■ DATA SHOWN
* * * * *

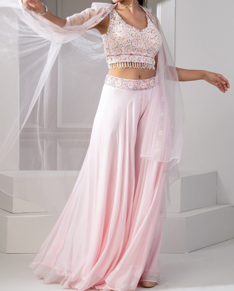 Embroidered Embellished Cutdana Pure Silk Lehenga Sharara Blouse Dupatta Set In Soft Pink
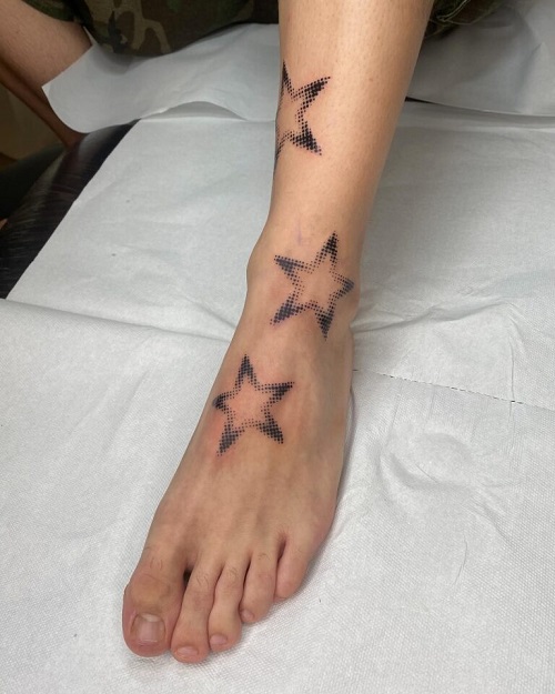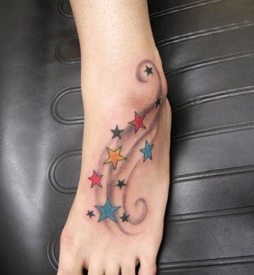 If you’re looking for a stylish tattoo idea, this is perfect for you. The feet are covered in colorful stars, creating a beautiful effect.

* * * * *

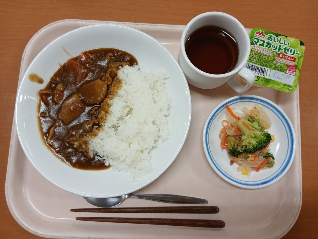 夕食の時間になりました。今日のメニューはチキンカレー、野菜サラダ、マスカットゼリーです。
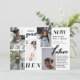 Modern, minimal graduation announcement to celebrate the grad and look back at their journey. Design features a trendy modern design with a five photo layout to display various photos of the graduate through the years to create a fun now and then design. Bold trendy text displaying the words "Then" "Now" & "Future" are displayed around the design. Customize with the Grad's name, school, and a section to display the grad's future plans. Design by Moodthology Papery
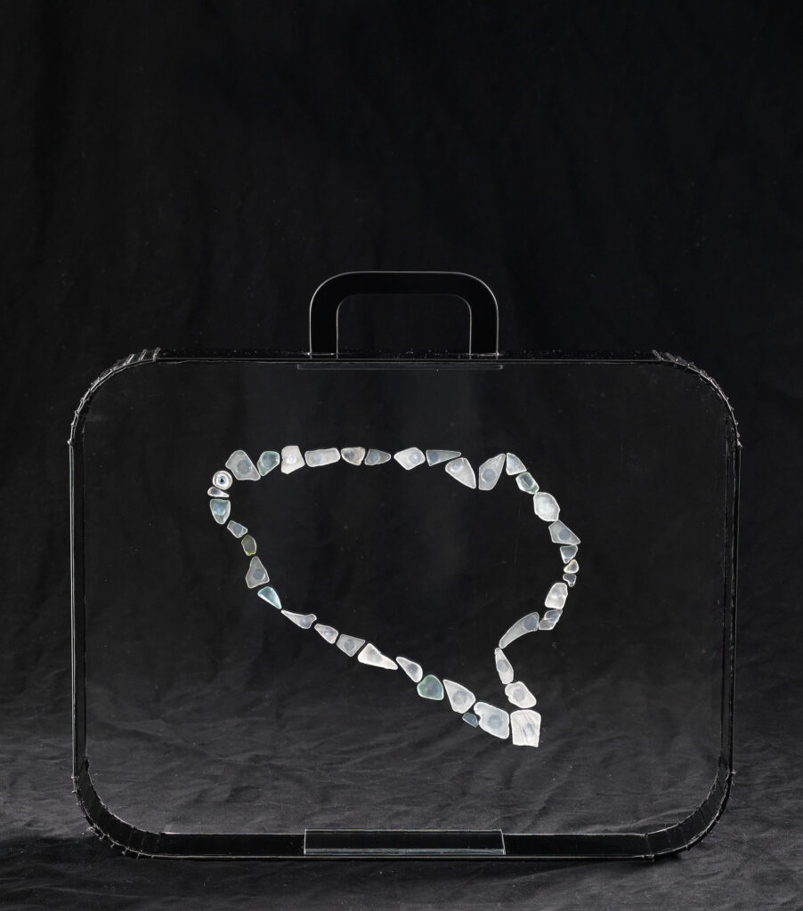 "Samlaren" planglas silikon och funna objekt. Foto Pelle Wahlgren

* * * * *

■ EXERCISE
In the material above, which lines fall between the one holding "Embroidered Embellished Cutdana" and the one holding "If you’re looking", inclusive? Print exactly those, with the pictures left out.

■ TASK ANSWER
 Embroidered Embellished Cutdana Pure Silk Lehenga Sharara Blouse Dupatta Set In Soft Pink
 If you’re looking for a stylish tattoo idea, this is perfect for you. The feet are covered in colorful stars, creating a beautiful effect.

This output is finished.